使用 Cudafy 开始我的第一步,并尝试编写一个函数,该函数将获取其线程的位置,并在此基础上将一些 int 值保存到数组元素中。 我的代码:

[Cudafy]
public static void GenerateRipples(GThread thread, int[] results)
{
  int threadPosInBlockX = thread.threadIdx.x;
  int threadPosInBlockY = thread.threadIdx.y;

  int blockPosInGridX = thread.blockIdx.x;
  int blockPosInGridY = thread.blockIdx.y;

  int gridSizeX = thread.gridDim.x;
  int gridSizeY = thread.gridDim.y;

  int blockSizeX = thread.blockDim.x;
  int blockSizeY = thread.blockDim.y;

  //int threadX = blockSizeX*blockPosInGridX + threadPosInBlockX;

  //if i use only one variable, everything is fine:
  int threadY = blockSizeY;

  //if i add or multiply anything, it cannot compile:
  //int threadY = blockSizeY*blockPosInGridY + threadPosInBlockY;


//  results[gridSizeX*blockSizeX*threadY + threadX] = 255;
}

所以我不能在这里计算threadY。
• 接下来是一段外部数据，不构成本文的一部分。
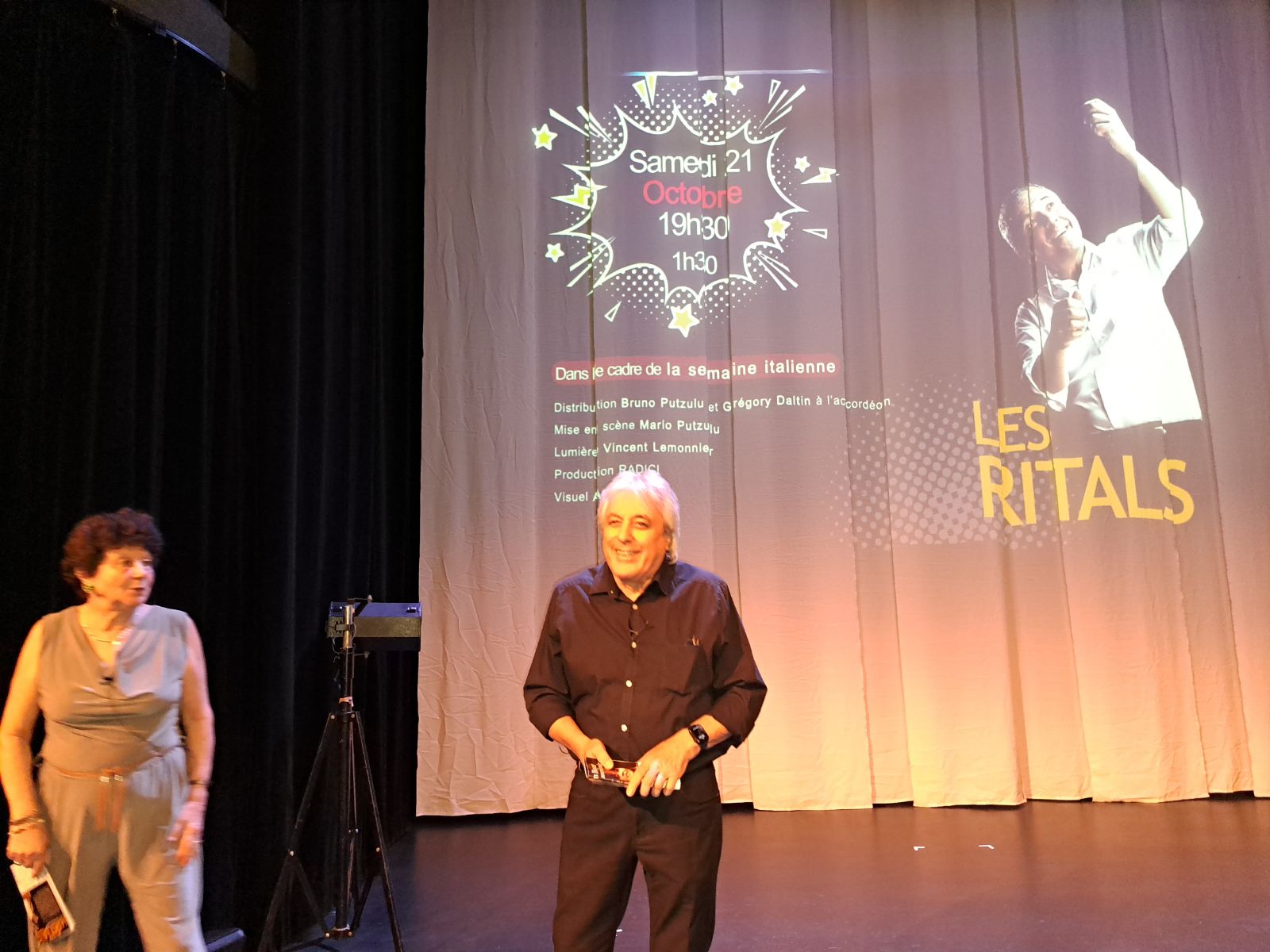 Avec sa complice dans la vie comme à la scène, Danielle et « Chipie », une petite caniche au collier rouge, il égrène ce qui attend les fidèles du théâtre de la Rue des Teinturiers. A commencer, le 21 octobre, par « Les ritals », un roman autobiographique de François Cavanna publié en 1978. Il avait déjà été adapté pour la TV par Marcel Bluwal et interprété par Benoît Magimel (1991). Là, à Avignon, c’est Bruno Putzulu qui joue, accompagné à l’accordéon par Grégory Daltin, dans une mise en scène de son frère, Mario.

如果我在计算中使用多个变量,Cudafy 翻译类会引发错误(CudafyModule cm = CudafyTranslator.Cudafy(); 引发 Cudafy.CudafyLanguageException)。

我做错了什么?

更新: 这是在 GPU 上运行内核的代码:

public void RunTest2()
{
    GPGPU gpu = CudafyHost.GetDevice(CudafyModes.Target, CudafyModes.DeviceId);
    CudafyModule km = CudafyTranslator.Cudafy();
    gpu.LoadModule(km);

    int size = 20 * 20;
    int[] allPixels = new int[size];

    int[] dev_result = gpu.Allocate<int>(size);

    dim3 blocksInGrid = new dim3(5, 5);
    dim3 threadsPerBlock = new dim3(4, 4);

    gpu.Launch(blocksInGrid, threadsPerBlock).GenerateRipples(dev_result);
    gpu.CopyFromDevice(dev_result, allPixels);

    gpu.FreeAll();
}

【问题讨论】:

    标签: c# cuda cudafy.net


    【解决方案1】:

    我们需要看看您是如何启动内核的,上面的代码应该可以正常运行。我创建了一个运行良好的测试类,并为您提供了如何准备内核网格/块/线程维度的示例。 如果您想查看出色的示例,请下载 Cudafy 源代码并编译 CudafyExamples 项目,请查看它们如何准备和使用 CUDAfy 的功能。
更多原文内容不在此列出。